Littlefield acknowledges the major chemical companies, such as Monsanto, Bayer and BASF, have done a good job of re-educating growers on how to start clean and stay clean by using residual chemistries and other field preparation techniques to preserve and extend the life of new seed technologies.

“We have to go back and do some of the things that once were done with conventional cotton to protect new technologies while keeping weed escapes to a minimum,” he says.

The Downstream Push

The continued popularity of cotton as a utilitarian fabric and a viable field crop in the United States is largely the result of check-off dollars put to work by organizations such as The Cotton Board, the NCC and Cotton, Inc.

Based in Memphis, Tenn., The Cotton Board is the oversight and administrative arm of the Cotton Research & Promotion Program, representing U.S. upland cotton. The Cotton Board is responsible for providing the program with strategic leadership and oversight of the economic resources devoted to the program.

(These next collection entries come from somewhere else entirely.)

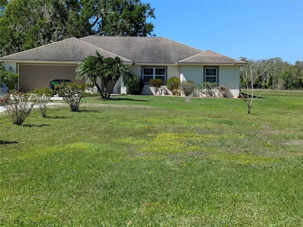 What a great find this is !! Custom built home in 2008 with 3 bedrooms and 2 full bathrooms AND SITTING ON 5 ACRES!. This home has nice large living room that flows into a spacious dining area that in turn flows into the open galley type kitchen that includes a dishwasher and nearly new new stove and refrigerator. The bedrooms are a split plan giving your Primary Owners Suite a lot of privacy with a private bath, walk in closet and a door access to the rear Florida room. The two guest rooms have their own hallway full bathroom. All of this is under Central Air and Heat for your year round comfort. The laundry area, with washer and dryer hook ups , is located in the 2 car attached garage. The house has all newer flooring described as "vinyl plank" and has a hardwood look. The 3 bedrooms all have carpet. The original house plan featured a rear screened lanai. Seller has upgraded Lanai with the new flooring as well as windows. Seems to merit the title of "Florida" or "Sun" room since its definitely where you can sit and relax and have your morning coffee while overlooking all your land and any potential wildlife, all in complete comfort. In the back yard, you will find sheds for all your storage needs as well as the carport which can accommodate multiple usages. This five acres is already fenced on two sides and across the back. Seller has added a chain link fenced area on the south side of the house , perfect for household pets to enjoy the outdoors safely. Make your appointment to view all of this as it does require a 24 hr. lead. Sellers disclosure is attached to listing.
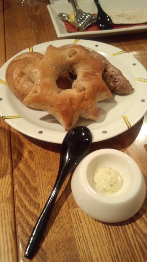 途中、パンが出たり(このパンがまためちゃ美味しい!特にくるみパン。売ってくれ!ってくらい美味しかった~)食後にはデザートが出たりと、串カツをコースのように仕立ててあって新鮮。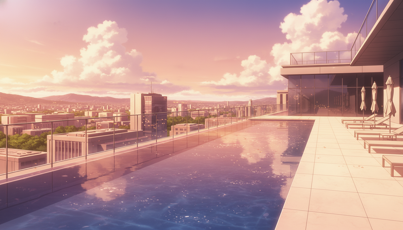 夕暮れの街並みと淡い空の色が美しい、都会的でおしゃれな屋上プール背景です。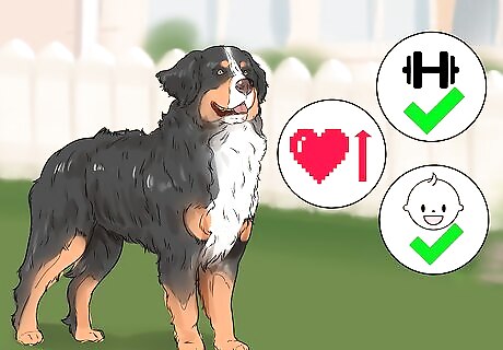 Think about temperament. Before choosing an active dog, research the personalities and temperaments of specific breeds. For example, if you have children you will want to choose a breed that is calm, friendly, and good with kids. If you live in a crowded apartment building, don't choose a breed that barks frequently.

To fund the program, The Cotton Board collects a per bale assessment on all upland cotton harvested and ginned in the United States, as well as an importer assessment on the cotton content of all upland cotton products imported into the United States. The Cotton Board contracts with Cotton Inc. to carry out the research and promotion activities for U.S. producers and importers of cotton.

While Cotton Inc. is consumer and trade focused, it is a charged function of The Cotton Board’s mission to keep U.S. producers and importers of cotton informed on the innovative developments stemming from the Cotton Research & Promotion Program.

Cotton Inc.’s world headquarters and research center is located in Cary, N.C., and its consumer marketing headquarters is located in New York, N.Y. Supporting offices are located around the globe in Mexico City, Osaka, Shanghai and Hong Kong.

These groups work night and day to ensure cotton continues to be “The Fabric of Our Lives.”